Uma vez mais, a posição de distância (Jim não é americano), a condição de vítima e a situação de inocência (no caso, traduzida, sobretudo, pela fragilidade), que modulam o olhar da criança, permitem ao diretor provocar o estranhamento e (re)posicionar o espectador em relação aos temas dos quais o filme se ocupa. Como se verá à frente, sempre através do olhar da criança, a “guerra de Basie” (portanto a guerra dos americanos) é tão cruel e desumana como todas as outras, mas tem um sentido que, se não legitima, pelo menos explica e, portanto, torna o conflito armado algo que a sociedade aceita, mesmo sem concordar e o ser humano suporta, apesar de sofrer, porque na guerra também há como ganhar.

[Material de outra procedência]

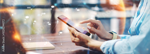 Close-up photo of female hands with smartphone. Concept of networking or remote work. Global business network.

Ilações sobre a aceitabilidade da guerra, como visto em Império do sol, não são propriamente raras nas películas sobre o tema e dessa constatação também aflora um perfil paradoxal ou pelo menos ambíguo desse gênero cinematográfico. Trata-se de observar que, de um modo geral, o cinema de guerra hollywoodiano quase sempre procura levar ao espectador críticas contundentes a situações de beligerância, invariavelmente destruidoras e destrutivas, acompanhadas de exercícios de legitimação do mesmo objeto de crítica, apresentado como algo indesejável, mas, em certas condições, inevitável, ou seja, que precisa ser conduzida, praticada e ganha.

Essa dialética simplória e aparentemente absurda parece funcionar com razoável eficiência quando organizada a vinte e quatro quadros por segundo. Há praticamente um século, filmes de guerra vêm sendo usados para legitimar conflitos, endeusar heróis, aplacar sacrifícios, mobilizar populações, tornando a guerra explosiva, assustadora, mas, ainda assim, necessária e, portanto, aceitável.

Focando especificamente a Segunda Guerra Mundial, Chambers II e Culbert (1996, p. 4) escreveram sobre o assunto: “A Segunda Guerra Mundial foi uma guerra cinemática. Desde o começo, produtoras cinematográficas particulares e governamentais usaram imagens – em noticiários, documentários e produções cinematográficas – para ajudar a mobilizar a população para a guerra.”63

Em Império do sol, os produtores americanos do filme deixam claro que, na arena negativa da guerra, os soldados americanos estão em causa e combatem o bom combate.